Sometimes the complications stem from conflicts in different parts of the IT or marketing teams, or between the business side and the marketers. At Nikon, one team owns commerce, marketing and communications, which made things much easier. "Decisions are quick, goals are aligned, teams focused and the result in an exceptional user experience," said Wisniewski.

He compared that with a current Kanban client which has three domains, three navigational structures and two catalogs feeding one commerce flow. "We can really goose ROI when breaking down these silos," Wisniewski said.

2. Start with a sound content strategy. Wisniewski said a content strategy defines how content will engage the audience and drive revenue. That includes "how the content is sourced, created, structured, enhanced, transformed, published and delivered," he said. "We call that portion of content strategy content engineering."

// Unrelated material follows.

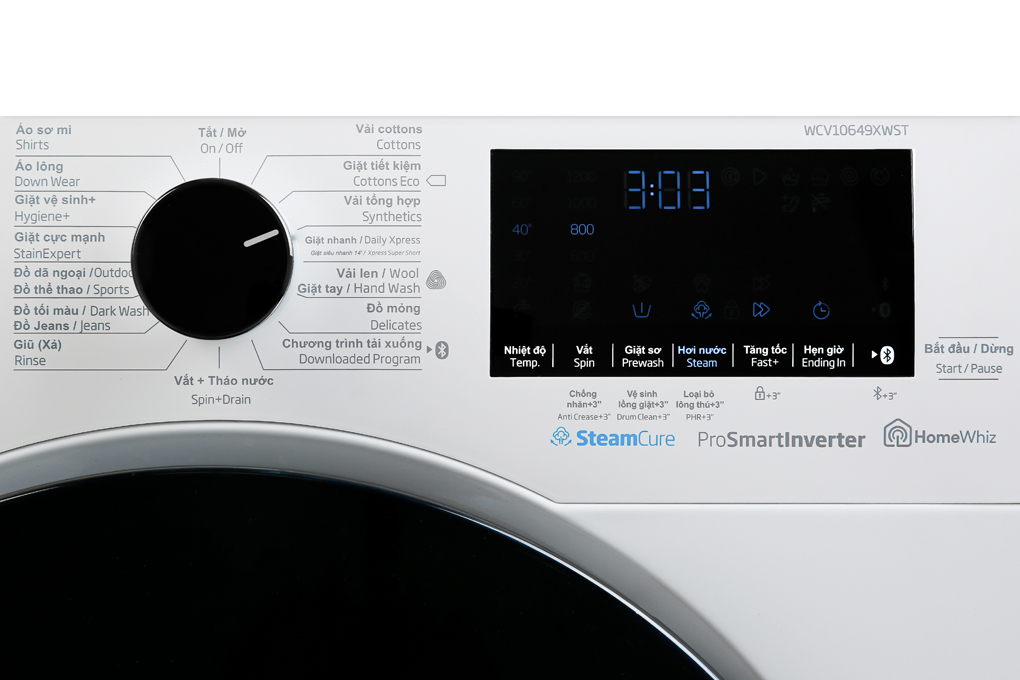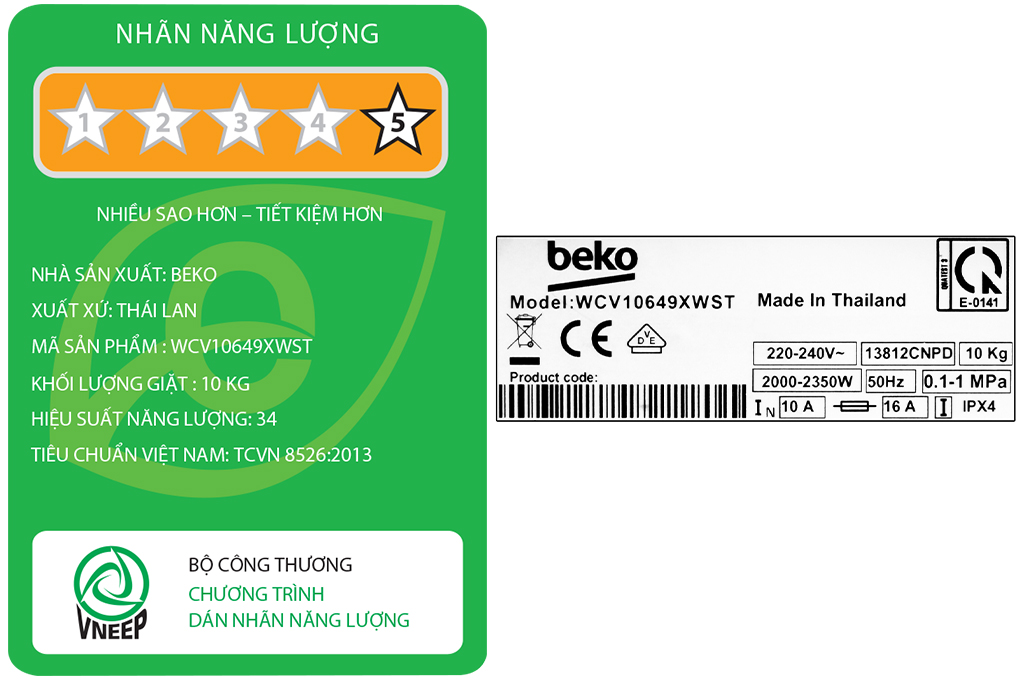 Loại máy giặt: Cửa trước Lồng giặt: Lồng ngang Khối lượng giặt: 10 Kg Số người sử dụng: Từ 5 - 7 người (9.5 - 10 kg) Kiểu động cơ: Truyền động gián tiếp (dây Curoa) Công nghệ giặt: Cảm biến thông minh Optisense Tính năng hơi nước SteamCure Aquawave Tech bảo vệ sợi vải Silent Tech giặt yên tĩnh Công nghệ sấy: Đang cập nhật Tiện ích: Kết nối thông minh HomeWhiz Đèn chiếu sáng lồng giặt Khóa trẻ em Tự khởi động lại khi có điện Vệ sinh lồng giặt Hẹn giờ giặt Hiệu suất sử dụng điện: 34.0 Wh/kg Tốc độ quay vắt tối đa: 1200 vòng/phút Chất liệu lồng giặt: Thép không gỉ Chất liệu vỏ máy: Kim loại sơn tĩnh điện Chất liệu nắp máy: Nhựa Bảng điều khiển: Tiếng Việt nút nhấn Sản xuất tại: Thái Lan Thời gian bảo hành động cơ: 12 năm Dòng sản phẩm: 2019 Hãng: Beko   Giảm tác nhân dị ứng, giặt sạch vết bẩn cứng đầu và giảm nhăn quần áo với tính năng giặt hơi nước SteamCure Máy giặt Beko Inverter 8 kg WCV10649XWST tích hợp tính năng giặt hơi nước SteamCure sẽ giúp loại bỏ tốt các loại vi khuẩn, tác nhân gây dị ứng bám trên da (được chứng nhận bởi Hiệp hội Dị ứng Anh Quốc), cũng như hạn chế được tình trạng xoắn rối và nếp nhăn của quần áo sau khi giặt. Ngoài ra, tính năng này còn giúp làm mềm vết bẩn trước khi giặt nước, từ đó dễ dàng lấy đi các vết bẩn cứng đầu, cho hiệu quả giặt tốt hơn. Đây là một tính năng đặc biệt được Beko đưa vào sản phẩm mới của mình, đáp ứng được nhu cầu giặt giũ ngày càng tiện lợi và bảo vệ sức khỏe hơn.   Hiệu quả giặt vượt trội, kiểm soát năng lượng tối ưu cùng cảm biến Optisense - 4 cảm biến Máy giặt được hãng trang bị 4 cảm biến Optisense, giúp kiểm soát năng lượng tối ưu và hiệu quả giặt sạch vượt trội:

By calling it a sound strategy, Wisniewski said he means it has to be well-documented. "It's not going to work unless it's written down," he said. A sound content strategy will enhance flexibility and scalability.

He explained that Nikon's strategy was to "educate, inspire and engage" the audience. The company accomplished that with more than 300 articles that were created, sourced and endorsed by Nikon. "They manage to subtly intertwine articles about Nikon technology," he noted.

On top of that, Nikon added a layer of personalization so that the assortment of articles was tailored to the individual visiting the site, including translation to the appropriate language. The system also delivers variations of the same images to Google, Amazon and other sales channels where consumers would interact with Nikon's brand.

3. Select the right integration architecture. Manton said choosing the right architecture depends on a company's previous investments, existing capabilities and goals. Kanban has developed three different design options: hybrid, e-commerce driven architecture and WCM driven architecture. (See image below)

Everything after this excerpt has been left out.